Computational chemistry approaches liberate energies that denote gas-phase data. Therefore, computational outcomes can only be compared with experiential findings following the incorporation of solvents into the computations. Therefore, it is necessary to add specific solvent molecules to the chemical model and re-optimise the structures. Nonetheless, introducing many atoms into the system complicates it and calls for complex computations that may not be feasible because solvent molecules exist in different conformations. Therefore, the most commonly used method entails the addition of solvent adjustments to the energetics with the aid of an implicit solvent model (Jensen 2017).

The QM/MM approach also makes it possible to incorporate the effects of the surrounding into QM computations. The guiding principle of QM/MM techniques is to split the chemical system into two or more distinct shells, which are referred to as the outer and inner cores as shown in Figure 7.

The splitting of an enzymatic system into an inner core (QM region) and an outer core (MM region)
Figure 7: The splitting of an enzymatic system into an inner core (QM region) and an outer core (MM region) (de Visser et al. 2014, p. 267).

The computations of the inner core are implemented using precise QM or DFT techniques, whereas the calculations of the outer core that holds the rest of the protein and solvent are done using computationally inexpensive methods such as molecular mechanics. The inner core is of utmost importance because it holds the essential features of the substrate and the enzyme active site. The interactions of the inner core with other proteins hold it in position. These interactions maintain the conformation of the enzyme active site. Consequently, it is possible to blend precision of QM methods with the rapidity of MM methods.
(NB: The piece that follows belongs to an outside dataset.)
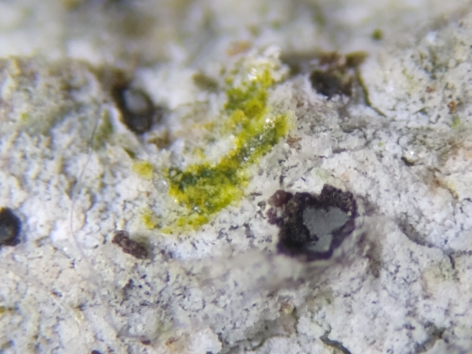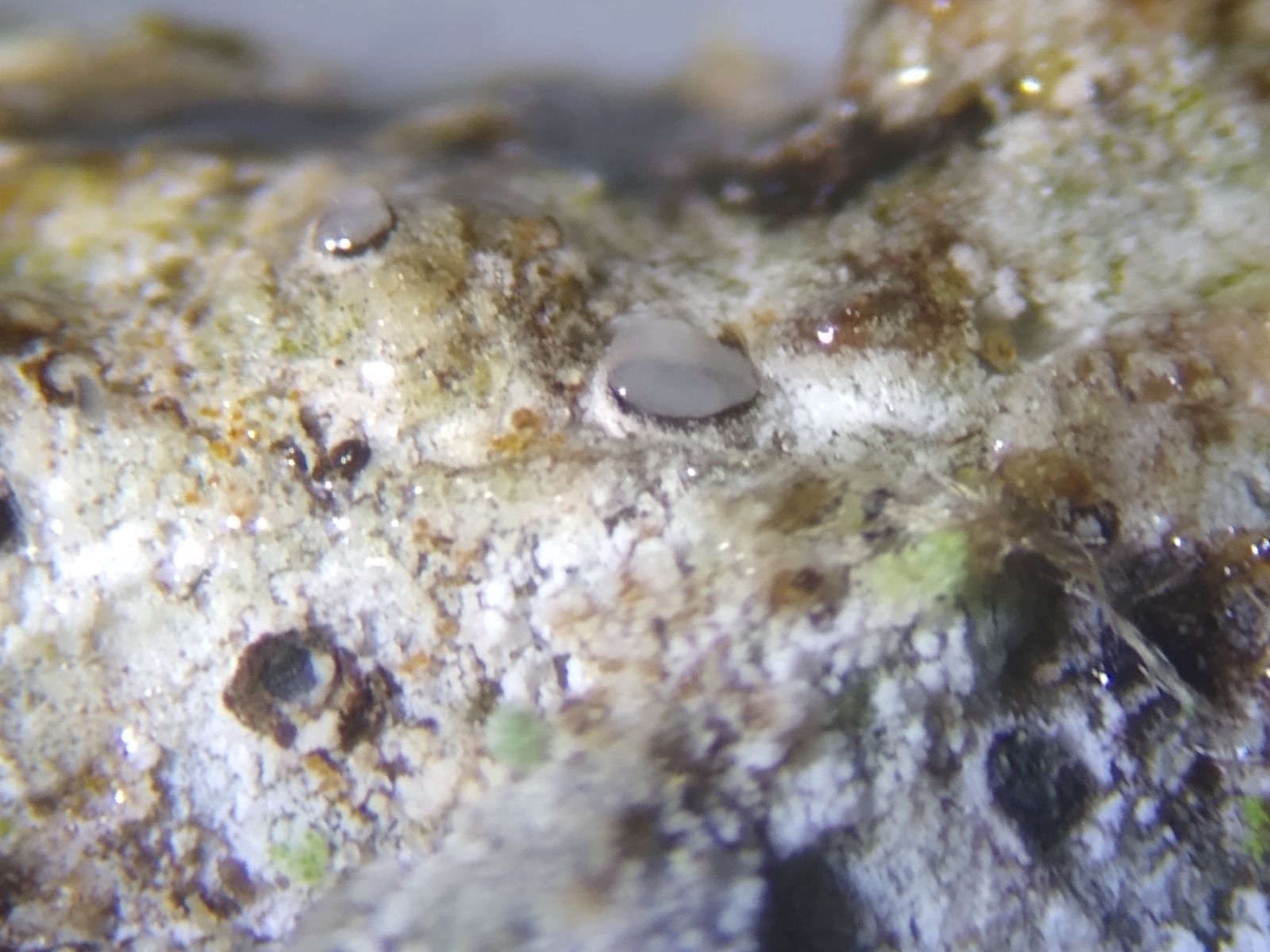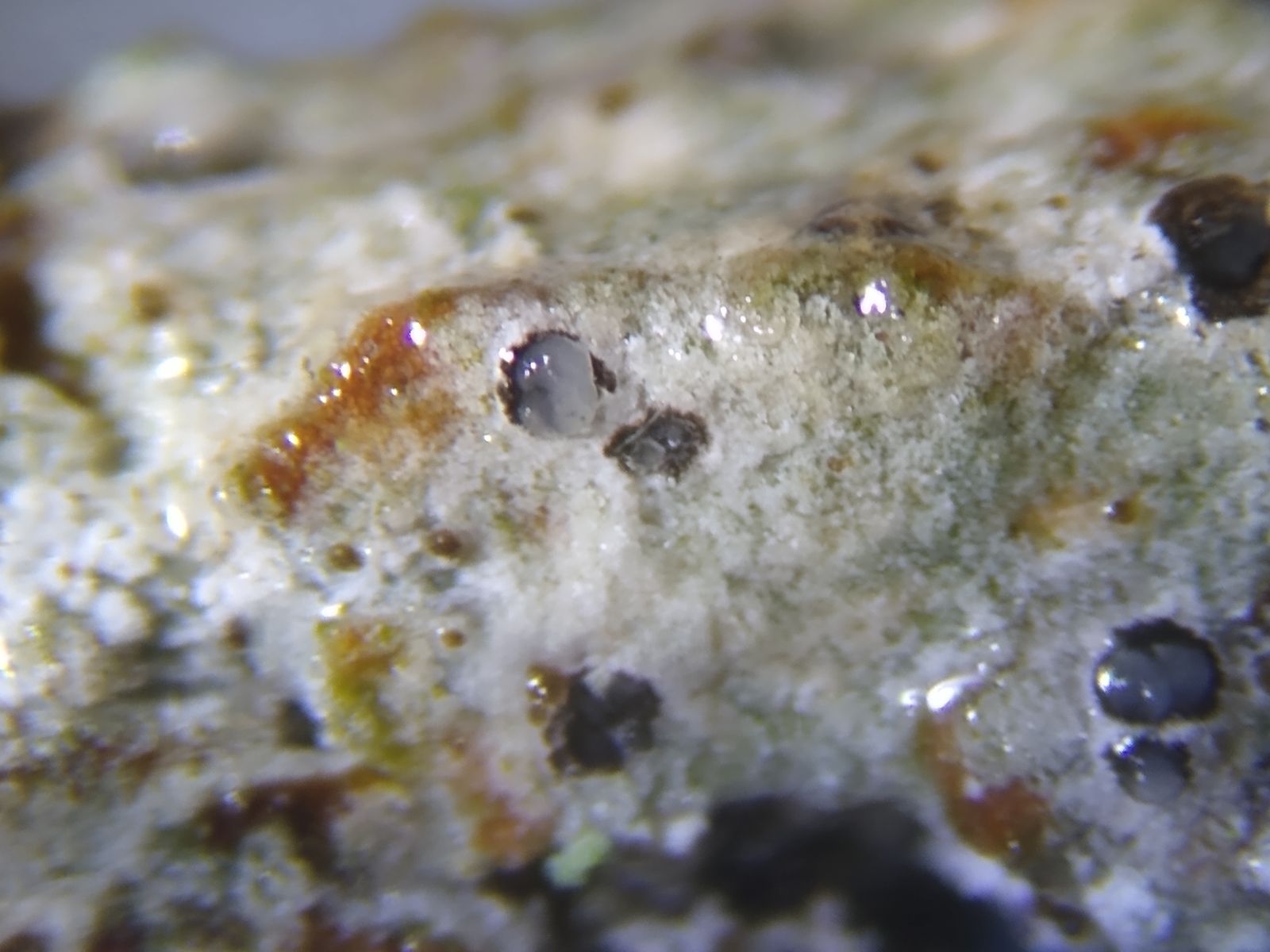 Bild 3 Trockener, weißlicher, rissiger Thallus mit bräunlichen Flecken und dunklen Pyknidien unter der Streolupe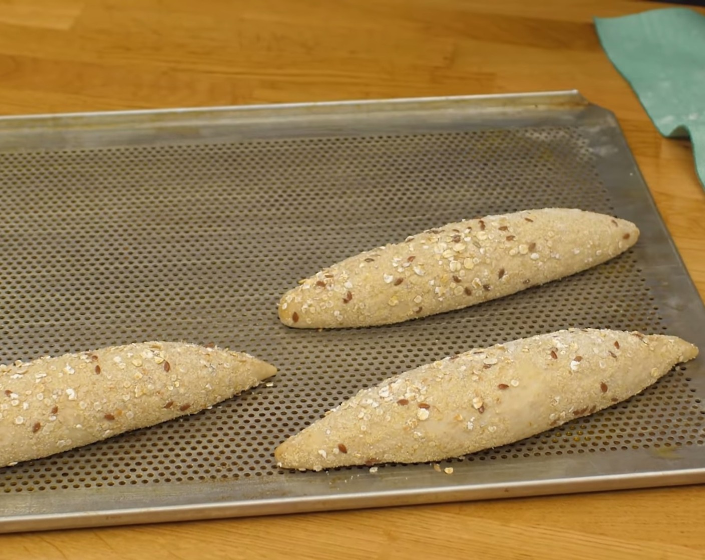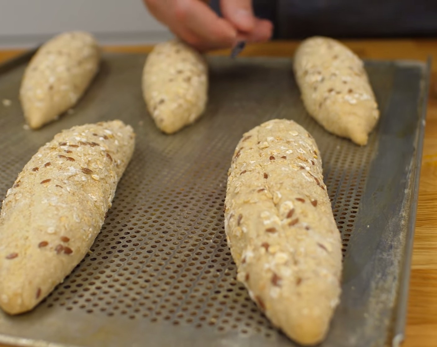 Die Teigoberfläche 1-mal mit einem scharfen Messer (Pariserbrotklinge) länglich einschneiden. Dabei die Klinge in einem 45-Grad-Winkel führen.

The literature review has provided useful insights that guide the engineering of OleTJE to enhance its production of biofuels. The following insights have revealed that the enhancement of olefin product distributions requires site-directed mutations that impede α- and β-hydroxylation as well as altering the substrate-binding compartment to limit hydroxylation rebound reactions (Li et al. 2015). It is also evident that the choice of substrate, reaction temperature and OleTJE systems or combination of systems (Dennig et al. 2015) is critical in obtaining optimal terminal olefin yields from fatty acids. These pointers informed the computational methods in the methodology section of the project.

Methodology

Computational modelling of biosystems lays a basis for investigators to set up experimental inquiries because it excludes redundant variables that would otherwise be a waste of resources. The fact that quantum mechanics/molecular mechanics (QM/MM) techniques use computed reaction machinery and energy settings to provide details regarding the starting point of biological and chemical reactions, as well as their by-products, has increased the popularity of these methods over the years (de Visser et al. 2014).

As a result, researchers can collect data regarding factors that have an effect on enzyme reactions, rates and specificities by examining the different states of the molecules involved in enzymatic reactions. On the other hand, cluster replicas, for example, the Density Functional Theory (DFT) facilitate voluminous computations in a short span by probing precise features of a single protein (de Visser 2009; Jones 2015; Melander et al. 2016).

Despite cluster models providing information about the intrinsic activity of enzymes’ active sites, there is inadequate information concerning intricate details such as key bonding patterns and lengths. This section of the project provides a detailed procedure on the use of general QM/MM optimization protocols to promote the decarboxylation mechanisms of cytochrome P450 OleTJE in the production of terminal olefins. The proposed elements of improvement as highlighted in the literature review were incorporated into the general QM procedure (Figure 8) to determine the most effective manipulations that would yield favourable outcomes.

QM/MM Methodology

The QM/MM method was initiated by finding heavy-atom coordinates of the protein (OleTJE enzyme) from the protein databank library. These coordinates were available in a pdb format. As a result, the entire structure required editing as well as further adjustments before any simulations could be run. Examples of relevant modifications that were done to the initial pdb structure entailed the addition of hydrogen atoms, missing chains, substrates and amino acid residues. Another crucial modification was the removal of crystal additive buffers to leave the protein structure in its native state.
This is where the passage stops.